═════ DATASET EXCERPT
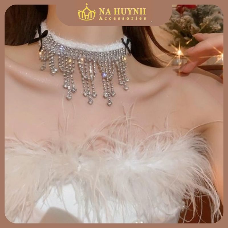 - Choker: Choker đang trở lại mạnh mẽ trong thời trang cưới. Loại vòng cổ ôm sát này đặc biệt phù hợp với váy cưới cổ thuyền hoặc cổ chữ V rộng. Choker tạo nên vẻ đẹp bí ẩn, cổ điển và rất thời thượng.
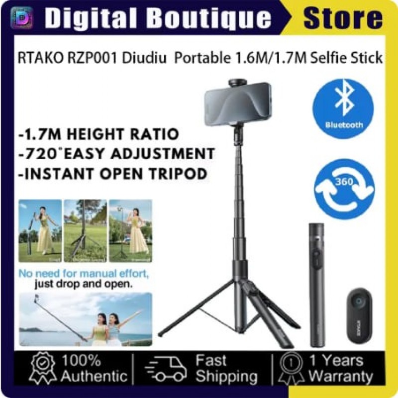 RTAKO RZP-001 AB226 1.7M Diudiu Multifunctional Ultra-Wide 720° Bluetooth Selfie Stick Floor Pop-Up Tripod Phone Holder
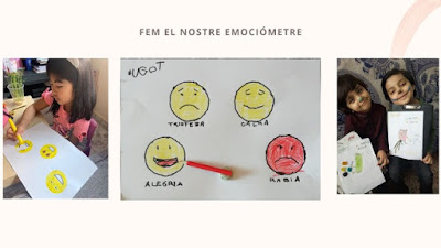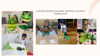 A la classe de les granotes,durant aquesta setmana, han treballat molt : han mirat el temps i han fet la data cada dia, han classificat colors segons la seva tonalitat i fins i tot han fet el seu propi emociómetre per treballar les emocions a casa.
══════════
TRY IT
Give back exactly the lines from the one containing "RTAKO RZP-001 AB226" through the last line above, both included, and none of the pictures.

TASK ANSWER
 RTAKO RZP-001 AB226 1.7M Diudiu Multifunctional Ultra-Wide 720° Bluetooth Selfie Stick Floor Pop-Up Tripod Phone Holder
 A la classe de les granotes,durant aquesta setmana, han treballat molt : han mirat el temps i han fet la data cada dia, han classificat colors segons la seva tonalitat i fins i tot han fet el seu propi emociómetre per treballar les emocions a casa.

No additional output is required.